Embodying Julia’s voice, Williamson said, was complicated. In order to feel more comfortable, she started researching Julia. “There’s not that much out there about Julia because she wasn’t famous. She married someone who became famous,” Williamson said. Clark’s letters to Julia were particularly helpful, Williamson said.

“I was as true to things as I could be. There’s a lot in the poems that I learned about through historical research, but I also wanted to use her perspective,” she said. “She was a real person who had a complicated and sad life. She died of breast cancer when she was 29.”

Williamson spent roughly five years working on the book. It was selected by Allison Joseph as the winner of the Crab Orchard Series in Poetry’s 2018 Open Competition.

“I’d written and thought about Lewis and Clark for a really long time, then I became interested in Julia as a character because she was living far away from her home in a place that was very wild at the time.
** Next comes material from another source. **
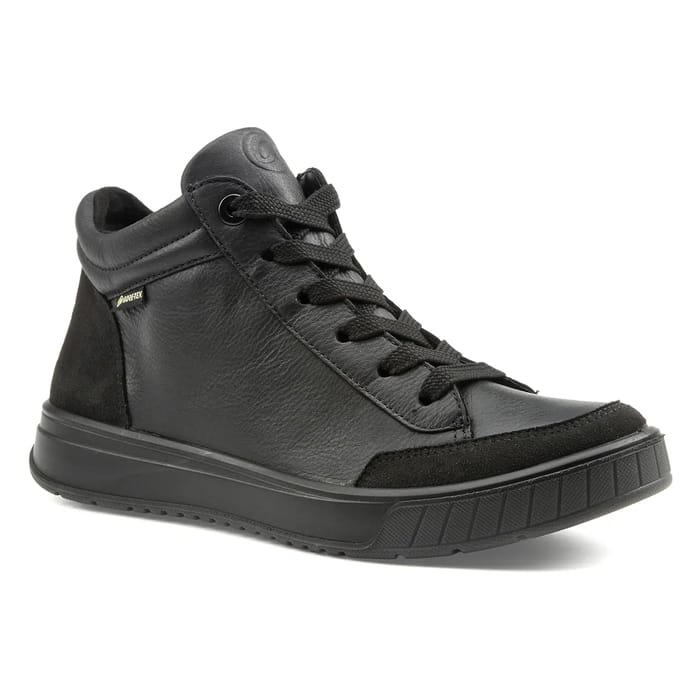 Les Sneakers montantes ROM 2.0 de la marque Ara offrent un confort de marche accru et un design moderne. Le dessus et la tige sont conçus en cuir et en synthétique, tandis que la doublure est faite de textile chaud protégé par Gore-Tex. La semelle intérieure est amovible et en textile, tandis que la semelle extérieure est en synthétique. Le talon mesure 25 mm. Les détails de ce modèle incluent un basket en cuir. La couleur est noir. Ces chaussures sont conçues pour des activités quotidiennes et demi-saison, et sont idéales pour les amateurs de mode qui recherchent un style urbain et tendance. Les Sneakers montantes ROM 2.0 de la marque Ara combinent maintien, style et polyvalence, ce qui les rend parfaites pour les personnes qui veulent un confort de marche accru tout en étant à la mode. -

I realized that I was doing the same thing in Montana,” Williamson said.

Williamson, the daughter of former Buchanan District representative on the Botetourt County Board of Supervisors John Williamson, received an undergraduate degree in poetry and anthropology from the University of Virginia before earning a Masters of Fine Arts in Poetry from the University of Arkansas. She currently teaches English at Carroll College in Montana.

Her first book, “Sweet Husk,” was the winner of the 2014 Perugia Press Prize and a finalist for the 2015 Virginia Library Award for Poetry.

“The River Where You Forgot My Name” can be ordered on the Southern Illinois University Press website at siupress.com.